- [What this task involves]: Repeat all of the data below word for word, keeping no images.

- [Source data]:
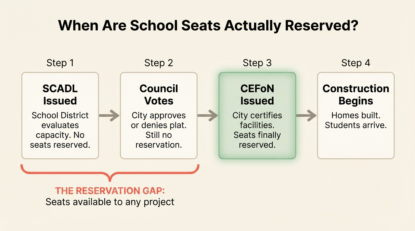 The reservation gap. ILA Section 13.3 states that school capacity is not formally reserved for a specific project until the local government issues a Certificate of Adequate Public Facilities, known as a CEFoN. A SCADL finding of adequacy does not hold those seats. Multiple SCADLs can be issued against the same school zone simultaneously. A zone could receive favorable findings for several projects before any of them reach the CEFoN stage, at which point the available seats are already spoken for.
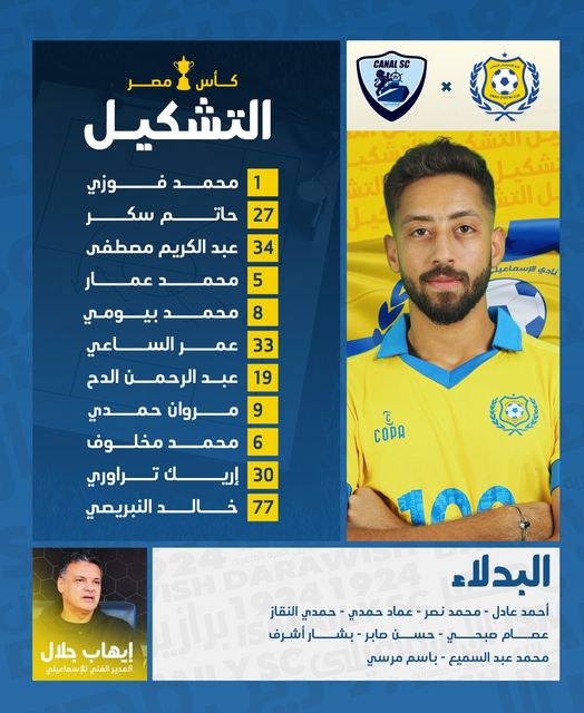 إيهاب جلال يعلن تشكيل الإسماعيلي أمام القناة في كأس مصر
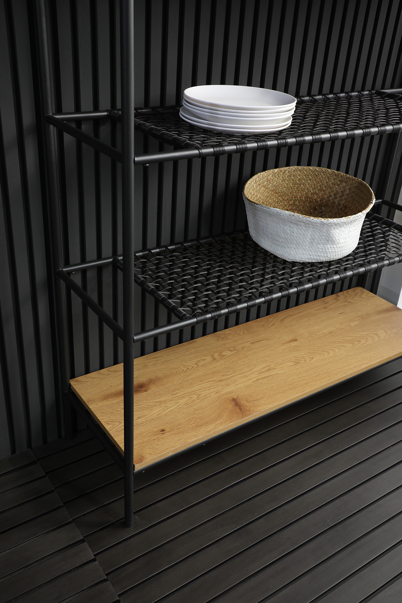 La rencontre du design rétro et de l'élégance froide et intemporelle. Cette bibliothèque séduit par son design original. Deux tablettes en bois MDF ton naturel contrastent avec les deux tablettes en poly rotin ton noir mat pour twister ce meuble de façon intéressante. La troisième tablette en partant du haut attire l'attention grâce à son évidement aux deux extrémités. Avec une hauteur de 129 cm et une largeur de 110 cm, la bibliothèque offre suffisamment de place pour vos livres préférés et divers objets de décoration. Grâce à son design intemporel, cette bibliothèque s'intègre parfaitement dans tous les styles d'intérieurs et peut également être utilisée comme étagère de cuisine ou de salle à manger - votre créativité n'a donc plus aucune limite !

- [Output below]:
 The reservation gap. ILA Section 13.3 states that school capacity is not formally reserved for a specific project until the local government issues a Certificate of Adequate Public Facilities, known as a CEFoN. A SCADL finding of adequacy does not hold those seats. Multiple SCADLs can be issued against the same school zone simultaneously. A zone could receive favorable findings for several projects before any of them reach the CEFoN stage, at which point the available seats are already spoken for.
 إيهاب جلال يعلن تشكيل الإسماعيلي أمام القناة في كأس مصر
 La rencontre du design rétro et de l'élégance froide et intemporelle. Cette bibliothèque séduit par son design original. Deux tablettes en bois MDF ton naturel contrastent avec les deux tablettes en poly rotin ton noir mat pour twister ce meuble de façon intéressante. La troisième tablette en partant du haut attire l'attention grâce à son évidement aux deux extrémités. Avec une hauteur de 129 cm et une largeur de 110 cm, la bibliothèque offre suffisamment de place pour vos livres préférés et divers objets de décoration. Grâce à son design intemporel, cette bibliothèque s'intègre parfaitement dans tous les styles d'intérieurs et peut également être utilisée comme étagère de cuisine ou de salle à manger - votre créativité n'a donc plus aucune limite !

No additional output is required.